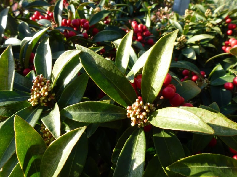 Skimmia’s worden door sommige mensen saai gevonden omdat ze het hele jaar als groene heester in de tuin staan met weinig verandering. Het is echter een prachtige plant die zeker in de winter grote waarde heeft in de tuin! Skimmia’s worden in najaar en winter veel aangeboden in tuincentra vanwege de mooie bessen en bloemknoppen, die kleur geven aan de wintertuin.
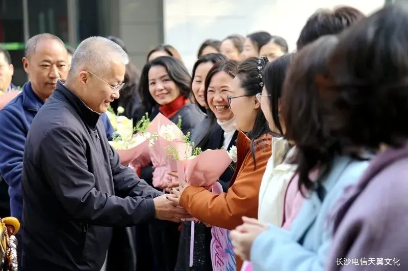 党委书记、总经理符传剑向女同事献花
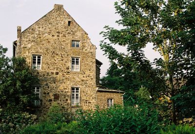 De zuidwestelijke gevel van het kasteelhuis toont een ridderreliëf dat in 1938 opnieuw werd geïnstalleerd volgens lokale historische documentatie.

* **Your task**:
Write out the listing above exactly as it stands, pictures excluded.

* **Exercise result**:
 Skimmia’s worden door sommige mensen saai gevonden omdat ze het hele jaar als groene heester in de tuin staan met weinig verandering. Het is echter een prachtige plant die zeker in de winter grote waarde heeft in de tuin! Skimmia’s worden in najaar en winter veel aangeboden in tuincentra vanwege de mooie bessen en bloemknoppen, die kleur geven aan de wintertuin.
 党委书记、总经理符传剑向女同事献花
 De zuidwestelijke gevel van het kasteelhuis toont een ridderreliëf dat in 1938 opnieuw werd geïnstalleerd volgens lokale historische documentatie.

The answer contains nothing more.